[Your objective]
Although the data holds pictures, return only the lines from the one containing "信中表示,据中华全国工商业联" to the end, exactly, and without them.

[Recorded information]
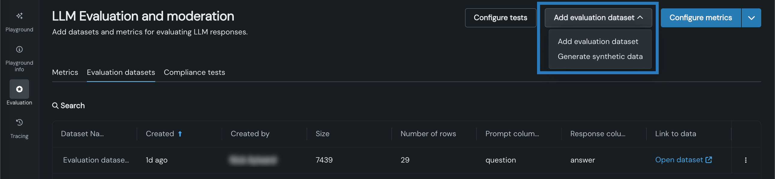 On the LLM Evaluation and moderation tab, click the Evaluation datasets tab to view any existing datasets, then, click Add evaluation dataset, and select one of the following methods:
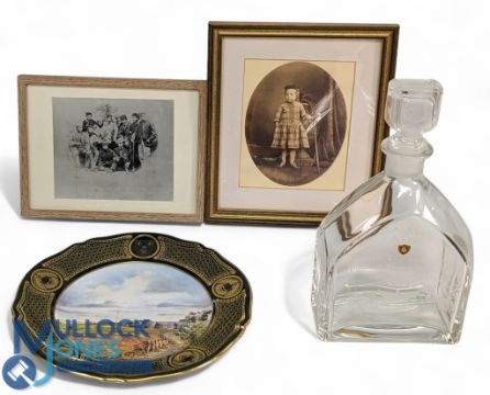 Golf Collectibles: Royal Troon Golf Club 1989 The Open Decanter Burns glass Scotland, plus a Spode Troon golf club plate - plus two reprinted photographs of an Old Tom Morris group, and Scottish child golfer
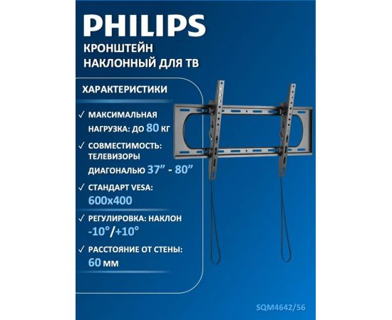 Кронштейн для ТВ 37"-80", Max 80кг, расстояние от стены 60мм
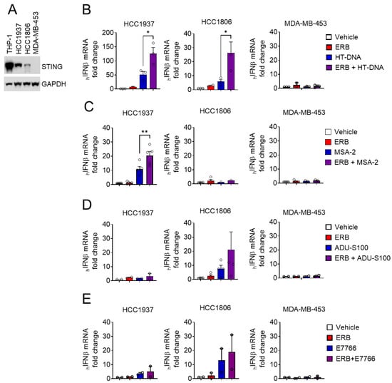 Eribulin enhances IFNβ expression induced by STING agonists in TNBC cells. (A) Immunoblot analysis of STING and GAPDH in THP-1 and TNBC cells. Human IFNβ mRNA in TNBC cell lines (HCC1937, HCC1806, or MDA-MB-453) each transfected with (B) 5 μg/mL HT-DNA or treated with (C) 33 μM MSA-2, (D) 10 μM ADU-S100 or (E) 1 µM E7766 with 100 nM eribulin (ERB) or vehicle. Statistical significance of eribulin with the STING agonist as compared to the STING agonist alone is shown as determined by one-way ANOVA with Dunnett’s posthoc test comparing all conditions to the combination. * p < 0.05, ** p < 0.01. The uncropped Western blots have been shown in Figure S4.
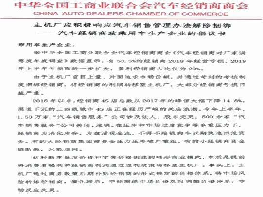 信中表示,据中华全国工商业联合会汽车经销商商会《汽车经销商对厂家满意度年度调查》数据显示,有53.5%的经销商2018年经营亏损,2019年上半年亏损面进一步扩大,盈利经销商占比仅为29%。
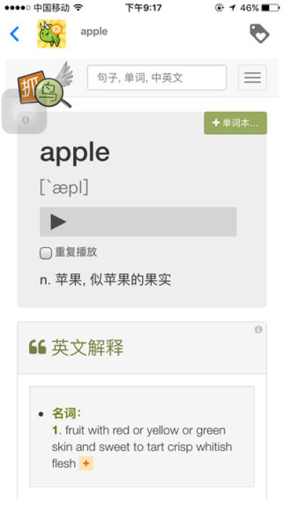 - 英语词典的词汇页包括:中英/英英解释,英语例句分享、单词音标,在线单词词组发音、时态查询、拼写提示纠正、词根背单词法总结

[Exercise solution]
 信中表示,据中华全国工商业联合会汽车经销商商会《汽车经销商对厂家满意度年度调查》数据显示,有53.5%的经销商2018年经营亏损,2019年上半年亏损面进一步扩大,盈利经销商占比仅为29%。
 - 英语词典的词汇页包括:中英/英英解释,英语例句分享、单词音标,在线单词词组发音、时态查询、拼写提示纠正、词根背单词法总结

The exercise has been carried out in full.